■ **Your objective**
Given the records below, the lines starting at the line with "Cromata con base" and ending at the line with "Так, при рассмотрении" should be output exactly, both end lines kept and pictures left out.
== The input
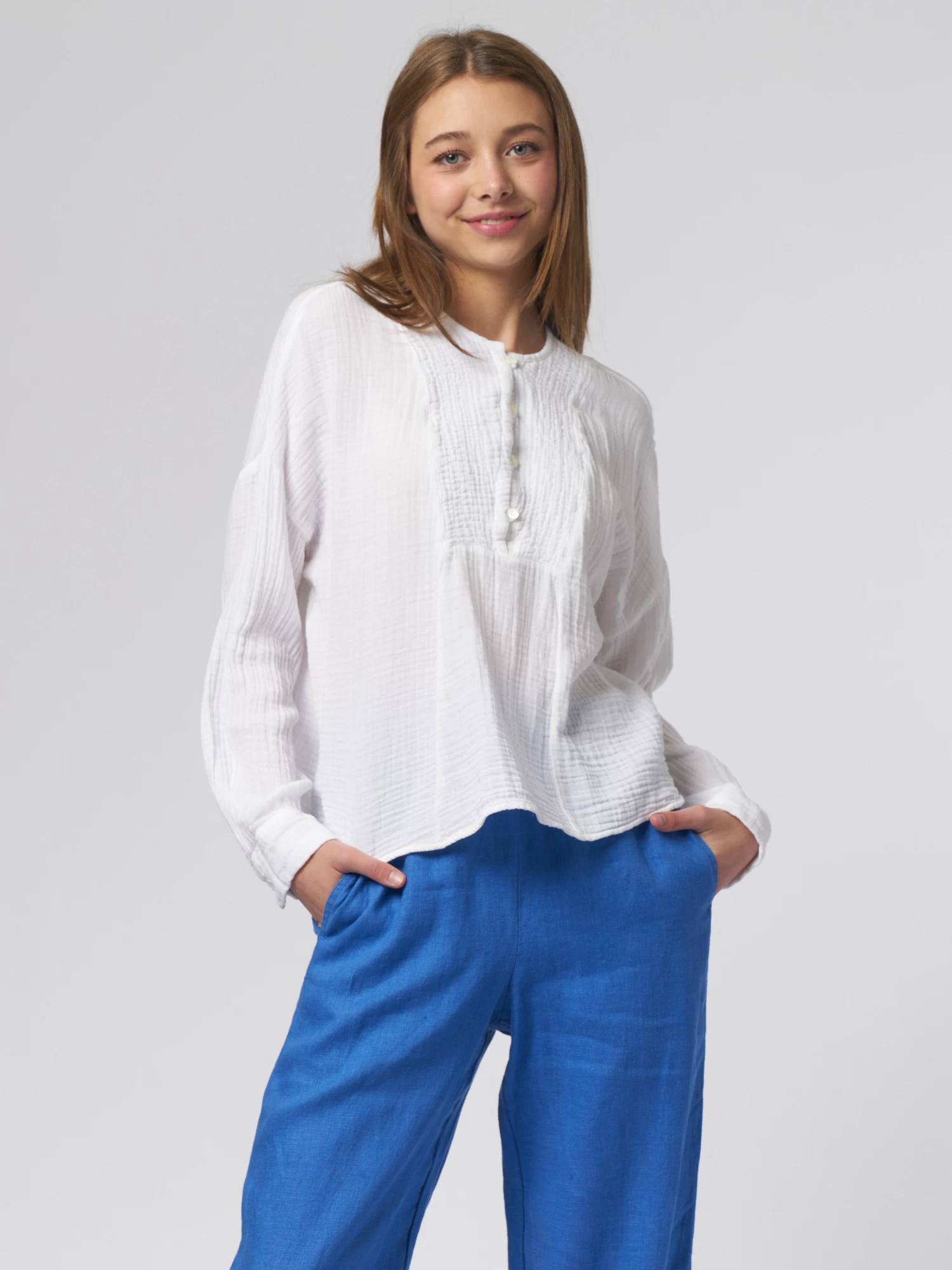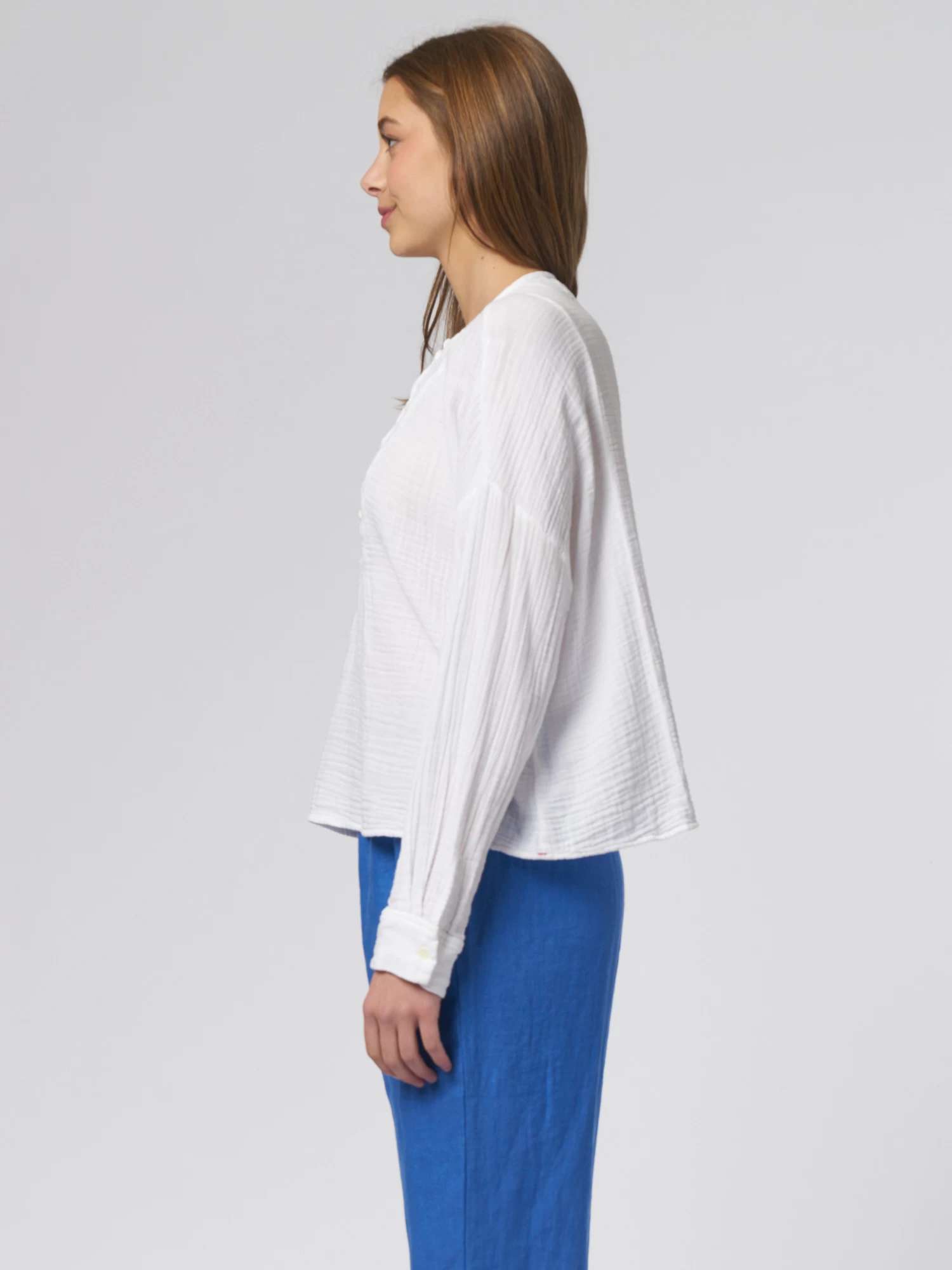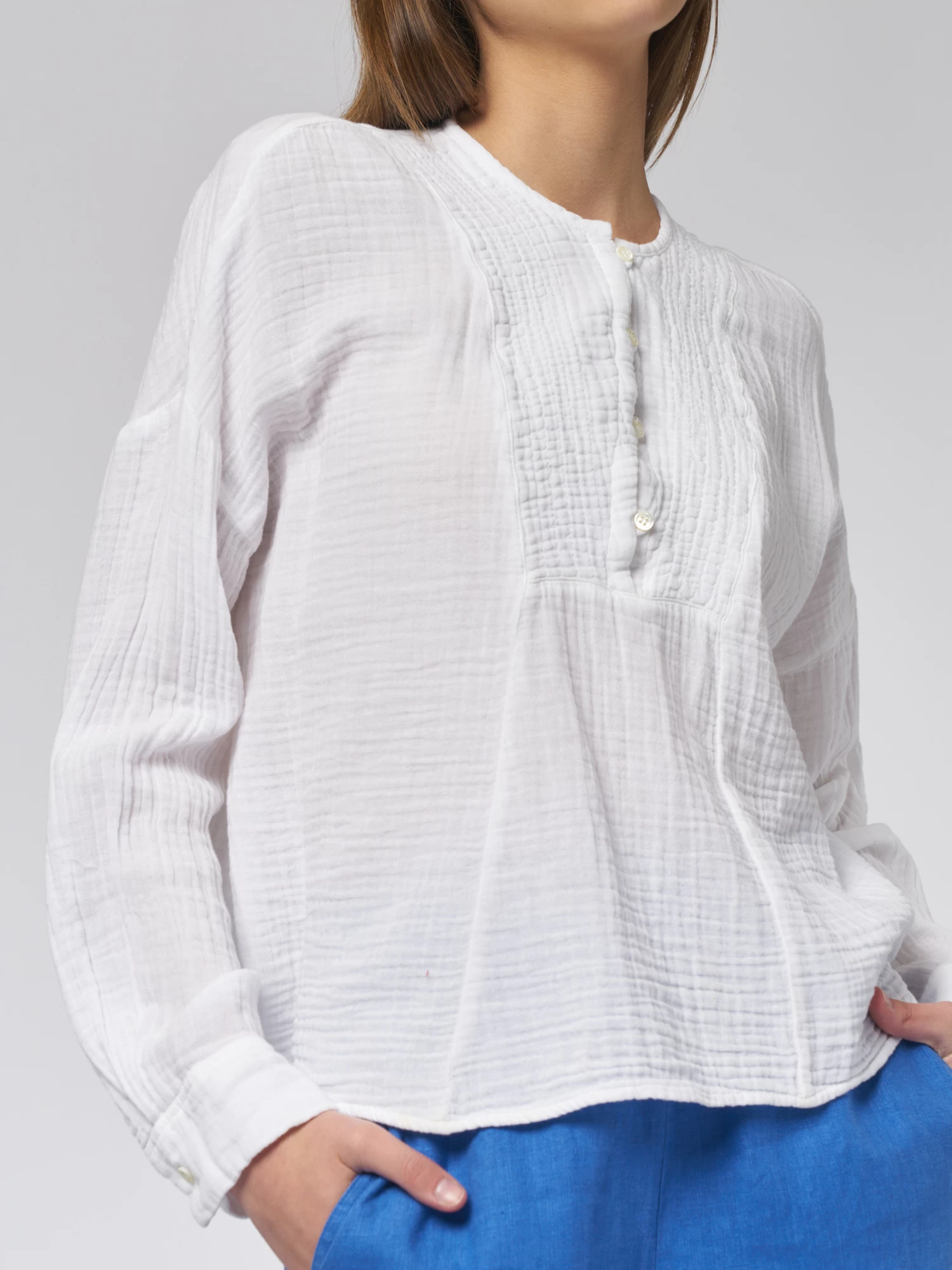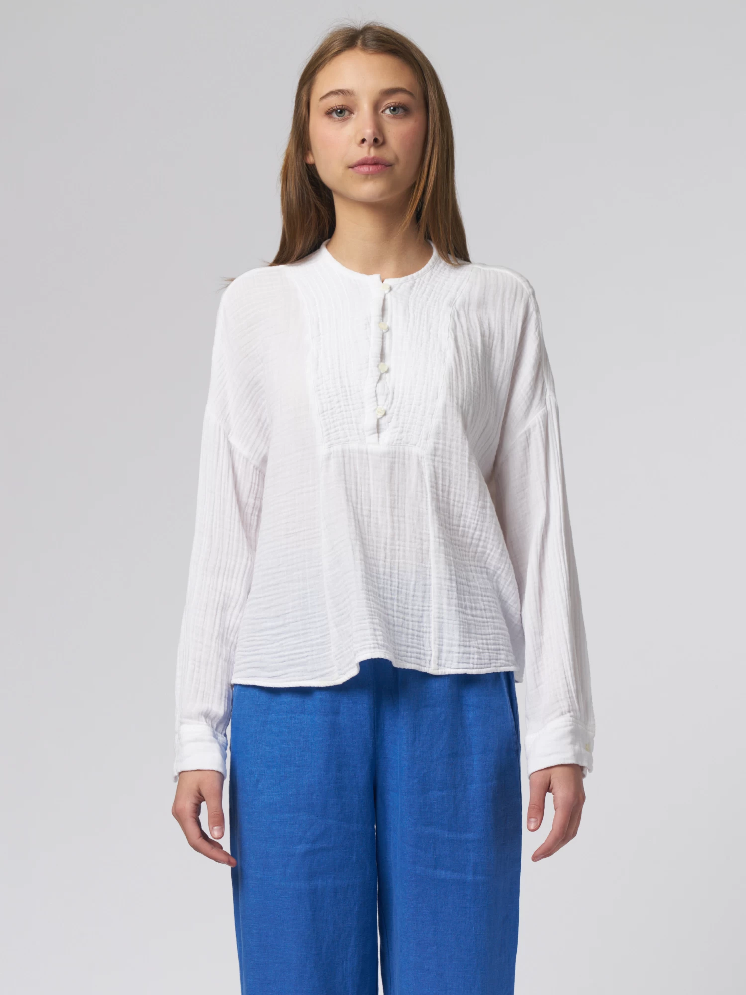 Cotton gauze, henley button-front top with a band collar, slightly blouson sleeves with button cuff.
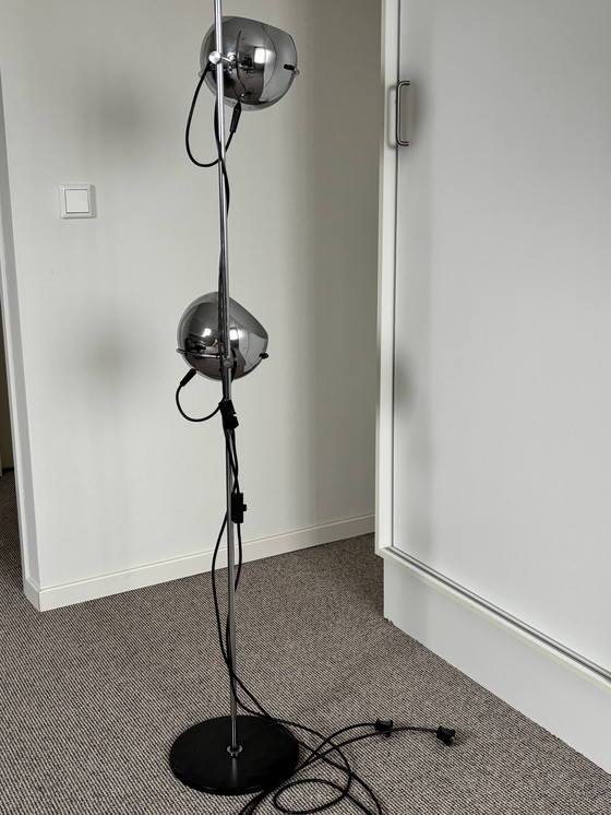 Cromata con base nera. I globi poggiano liberamente su aste, consentendone la rotazione in qualsiasi direzione. La lampada risale agli anni '60/'70 e proviene dal primo proprietario. In ottime condizioni, con qualche piccolo segno di usura.
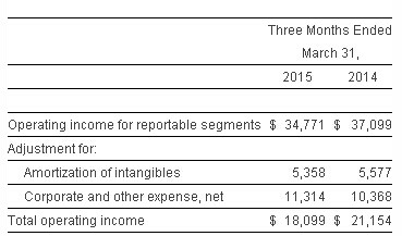 Operating income was $18.1 million for the current quarter, compared to $21.2 million for the first quarter of 2014. Operating profit as a percentage of sales was 5.3% and 6.1% in 2015 and 2014, respectively.
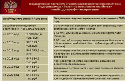 Так, при рассмотрении проекта бюджета 2015-2017 Комитет критически отметил в своем заключении к первому чтению, что законопроект в рамках Государственной программы Российской Федерации «Развитие рыбохозяйственного комплекса» не предусматривает подпрограмму «Развитие осетрового хозяйства» с соответствующими мероприятиями и объемами финансирования.
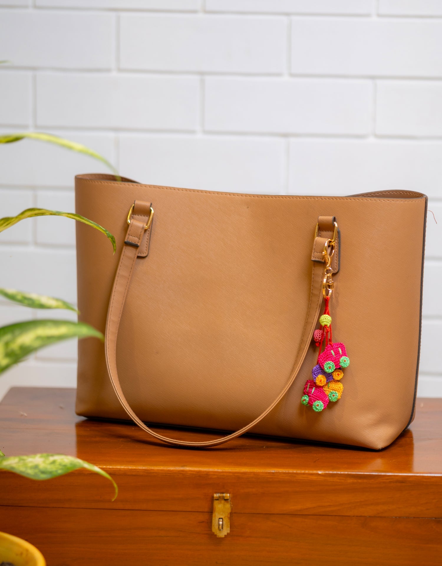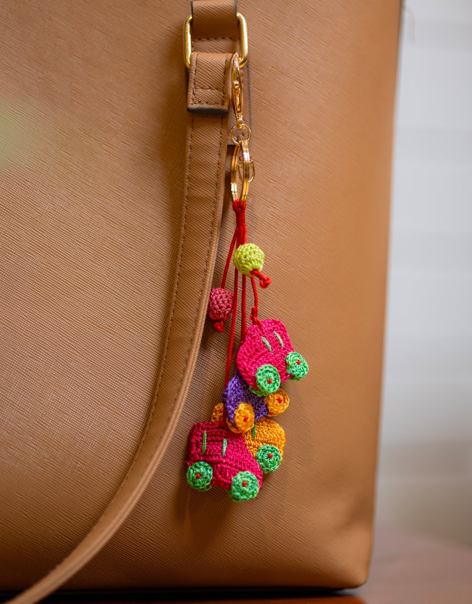 Add a boho tassel charm to brighten up your day! Hand it on your handbag, backpack or use it as a keychain to keep keys safe and easy to spot. Handcrafted with love by our women artisans, the Multicolor bag charm is created with a combination of intricately crafted cars and little beads. These one of a kind, lightweight and easy-to-manage bag charms make for a lovely gift too!
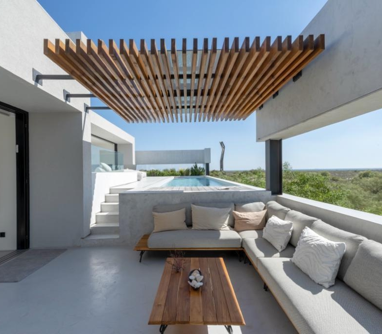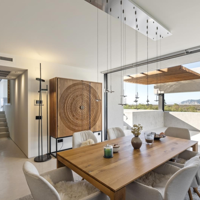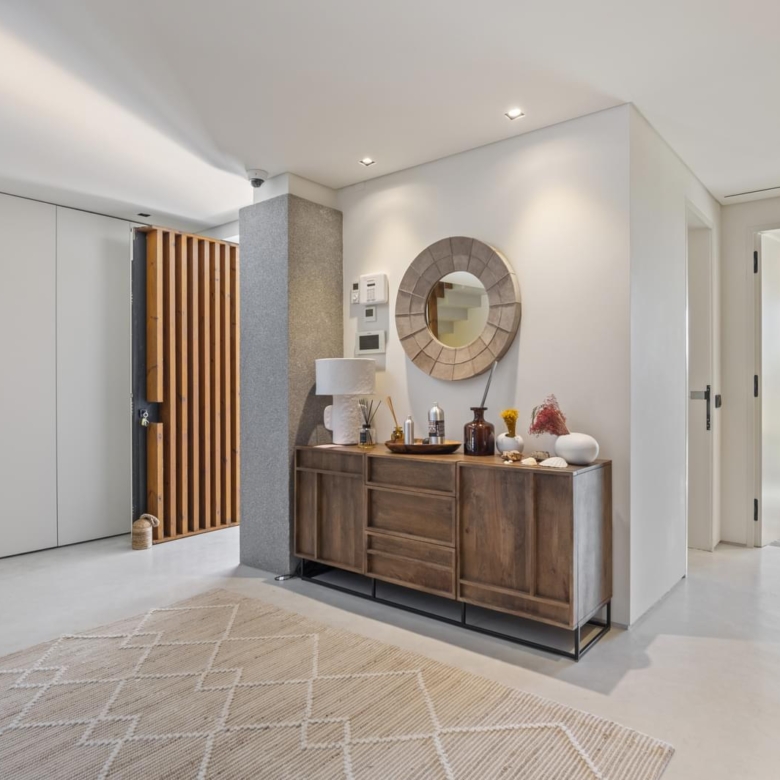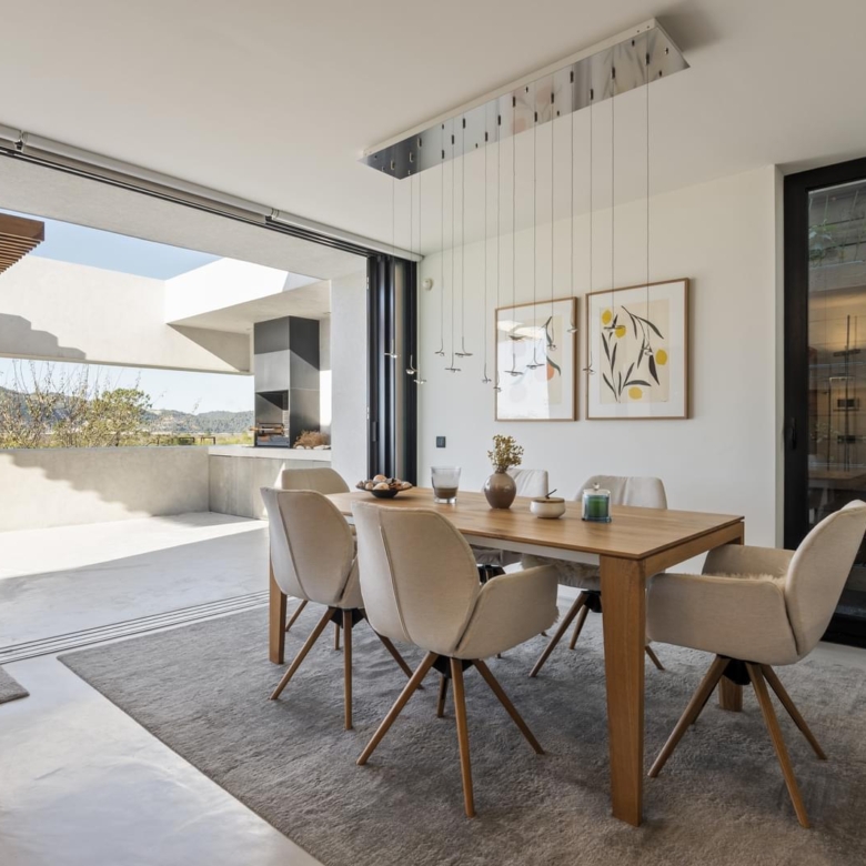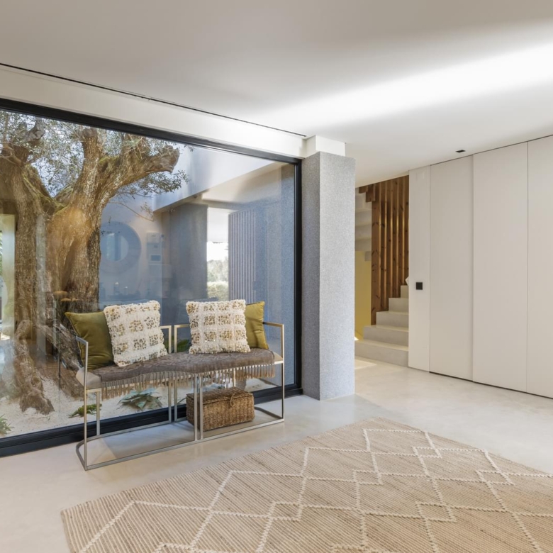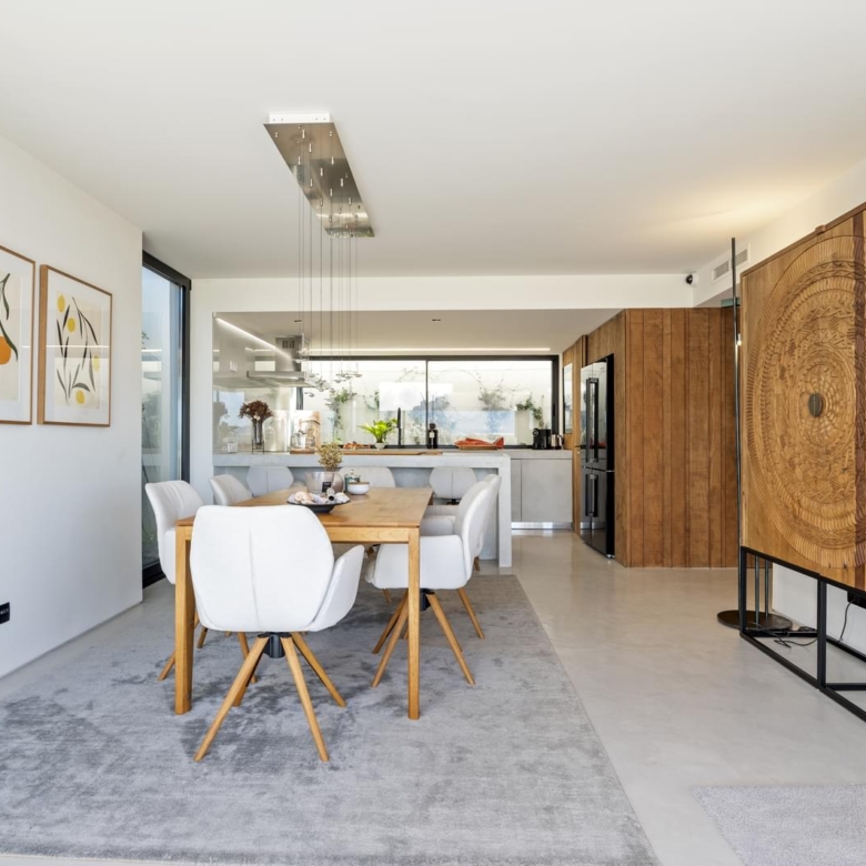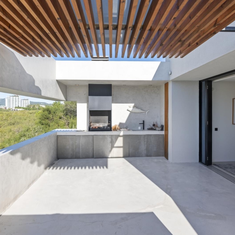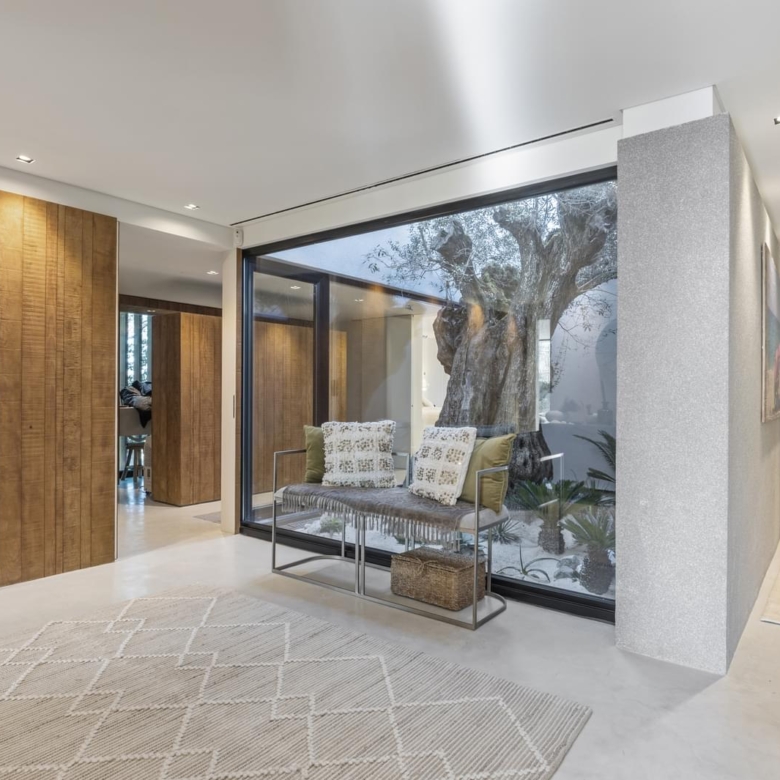 If you are looking for a home that is a true masterpiece of modern design in Portugal, this is your opportunity. This fantastic villa of modern lines stands out for its unique characteristics: wide and open spaces with a unique location, in the first line of the beach, with the dunes as landscape. The construction of this house is an example of rigor and excellence. Every detail has been carefully thought out and executed by our highly skilled builder. The solidity of the infrastructures is a priority, ensuring a perfect settlement even on sandy land, while the privacy of the residents was meticulously considered. The materials used follow the same quality standard. The highest quality microcement covers the entire exterior of the house, providing a contemporary and elegant look. The doors and windows are made of safety glass and natural wood, adding a harmonious aesthetic touch. On the ground floor, there are 4 bedrooms, all en-suite, each one with generous dimensions and bathrooms well connected with the exterior. The ‘Master bedroom’ is a real highlight, with 20 sqm and a luxurious bathroom with a steam sauna and a generous jacuzzi, perfect for relaxing. In addition, the space is complemented by ample storage areas and an interior garden that houses an olive tree with more than 2 thousand years, a living testimony of history. On this level you will also find the laundry area and the swimming pool’s engine room, ensuring convenience in all aspects. The icing on the cake is the first floor, where the house reveals its true value. Here, you will enjoy a panoramic view of more than 180 degrees, overlooking the dunes, the sea, the Arrabida’s mountain and the stunning mouth of the Sado River. The first floor is dedicated to your well-being. A swimming pool with 12 meters long and 2 meters wide offers an incredible view, making it the focal point of this floor. On this floor you have access to the terrace with a jacuzzi and a meditation area. The location ensures that it has a surrounding of pure dunes and vegetation, without nearby buildings to disturb your serenity. The villa also offers a surprisingly large dimensioned underground space, which comprises a bedroom, a cinema room, a games’ room and a bar. Luminosity is guaranteed by the openings for the interior gardens and a perfectly planned light installation. This is where everything happens in an open space, a real audience for the dune and maritime environment. The visual pollution is miles away, just across the mouth of the Sado River. Do not miss the opportunity to call home to this masterpiece. Come live the unique experience that this House in Troia Villas Mar has to offer. Your escape by the sea is waiting! Porta da Frente Christie’s is a real estate agency that has been operating in the market for more than two decades. Its focus lays on the highest quality houses and developments, not only in the selling market, but also in the renting market. The company was elected by the prestigious brand to represent Portugal, in the areas of Lisbon, Cascais, Oeiras, Sintra and Alentejo. The main purpose of Porta da Frente Christie’s is to offer a top-notch service to our customers. Property ID: PDF-PF31305 Price: €5,800,000 Property Size: 253.15 m2 Land Area: 555.0 m2 Bedrooms: 4 Bathrooms: 4
====
■ **Written response**
 Cromata con base nera. I globi poggiano liberamente su aste, consentendone la rotazione in qualsiasi direzione. La lampada risale agli anni '60/'70 e proviene dal primo proprietario. In ottime condizioni, con qualche piccolo segno di usura.
 Operating income was $18.1 million for the current quarter, compared to $21.2 million for the first quarter of 2014. Operating profit as a percentage of sales was 5.3% and 6.1% in 2015 and 2014, respectively.
 Так, при рассмотрении проекта бюджета 2015-2017 Комитет критически отметил в своем заключении к первому чтению, что законопроект в рамках Государственной программы Российской Федерации «Развитие рыбохозяйственного комплекса» не предусматривает подпрограмму «Развитие осетрового хозяйства» с соответствующими мероприятиями и объемами финансирования.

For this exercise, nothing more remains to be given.